Справа от дороги показались строения. До них метров сто. Паша высаживает нас, наотрез отказавшись взять предложенные деньги. Мы прощаемся и направляемся к постройкам. Родные, до боли знакомые строения. Это модули, тонкостенные, лёгкие и, конечно, холодные. Справа, самый большой – штаб, рядом – учебный корпус, за ним - лётно-техническая столовая. С краю одиноко примостился ещё один, самый маленький, модуль. Вот в него нас и направил командир второй эскадрильи, встретившийся прямо у штаба. Вода и удобства, насколько я успела заметить, располагаются на улице.
Входим в модуль. Ощущается мужская атмосфера. В здании накурено и довольно пыльно. Узкий коридор, обитый вагонкой, в разные стороны три двери. Войдя с улицы, кажется, что в нём достаточно тепло. Проходим комнату, в которой рядами стоят столы и стулья. Это класс для занятий. Он проходной, затем открываем следующую тонкую фанерную дверь. Она ведёт в соседнюю комнату. Небольшое помещение, вдоль стен стоят четыре кровати, заправленные синими солдатскими одеялами, на единственном окне – решётка, посередине потолка на проводке висит лампочка. Неуютно и мрачно. Я снимаю пальто и платок, вешаю их на спинку кровати и сажусь рядом. Надо привыкнуть. Довольно быстро чувствую, что в одном свитере будет холодно. Закутываюсь в пуховый платок. Рядом, через тонкую перегородку, тихо и сдавленно воет женщина. Так плачут из-за мужчины, невольно подумала я. Чужая боль начинает передаваться. Хочется уйти, чтобы освободиться от неё.
Выхожу в коридор и стучусь в дверь напротив. Мужской сдержанный голос отвечает:«Входите».
-- Здравствуйте. Здесь живут или работают? – стараясь улыбаться, спрашиваю я.
Мужчина отвечает, что и живут, и работают, и служат.
Мы знакомы. Мужчину зовут Сергей Иванович, он заместитель командира полка.
Я сообщаю, что мы будем жить по – соседству, пока не найдём квартиру.
Он не спеша достаёт из верхнего ящика стола затёртый блокнот и зачитывает несколько адресов. Я бегу за сумкой, в которой находится записная книжка. Быстро раскрываю, и из неё бесшумно падает листок.

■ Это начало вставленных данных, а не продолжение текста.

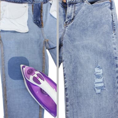 Reparasjonslapper laget av slitesterkt denimstoff i forskjellige blånyanser. Lapper som du kan stryke på det skadede området er en stilig, fleksibel og enkel løsning, hvor du slipper å sy. Stryk på med høy varme.Les mer om produktet

О, совсем забыла … Это талоны для питания в лётной столовой. Когда–то я случайно попала в компанию, где праздновали 8 Марта. И там познакомилась с женщиной, женой десантника, по имени Анжелика. И в знак симпатии она подарила мне упаковку таблеток для очистки воды и эти талоны. Я помню, что отказывалась и не хотела брать, но она настояла, сказав, что, вот увидишь - непременно пригодятся! Подаю их в руки Сергею Ивановичу и спрашиваю: «Они ещё действительны?» Он, посмотрев, утвердительно кивает головой, потом советует поспешить, а то обед скоро закончится.
Я всегда стеснялась радоваться еде. Но такой сюрприз несколько развеселил меня. Я мысленно поблагодарила Анжелику. Как ты была права!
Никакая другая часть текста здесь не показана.